Simplest Neutrino Mixing from S4 Symmetry

TL;DR

This paper presents a model based on S4 symmetry that naturally produces the 'Simplest' neutrino mass matrix, accurately predicting the reactor mixing angle and CP violation, consistent with current data and testable in future experiments.

Contribution

It introduces a specific S4 symmetry-based model that derives the 'Simplest' neutrino texture within the type-1 see-saw framework, linking neutrino masses to mixing parameters.

Findings

Predicted sin^2(theta13) ~ 0.086, matching experimental values.
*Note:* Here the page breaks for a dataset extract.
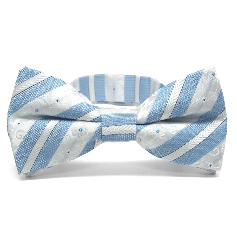 Exclusively ours! This sky blue floral striped bow tie is the perfect addition to your fresh spring wardrobe. With its pre-tied design, it’s easy to wear while offering a vibrant mix of floral vine and textured stripe patterns. The adjustable band collar ensures a comfortable fit for most adult neck sizes. Complete your spring look with this pattern, also available in a self-tie bow tie and coordinating pocket square.

Model predicts large CP asymmetries.

Predictions are testable with future neutrino experiments.

Abstract

In 2004, two of us proposed a texture, the "Simplest" neutrino mass matrix, which predicted sin(theta13)=sqrt((2 Solar-Delta m^2)/(3 Atm-Delta m^2)) and delta_CP=90 degrees. Using today's measured values for neutrino mass-squared differences, this prediction gives sin^2(theta13)~0.086+0.003-0.006, compared with a measured value, found by averaging the results of the Daya Bay and RENO experiments, of sin^2(theta13)=0.093+0.010-0.010. Here we present a specific model based on S4 symmetry leading to this successful texture in the context of the type-1 see-saw mechanism, assuming Majorana neutrinos. In this case, slightly different predictions are obtained relating theta13 to the light neutrino masses, which are in accord with current experimental limits and testable at future experiments. Large CP asymmetries remain a generic prediction of the texture.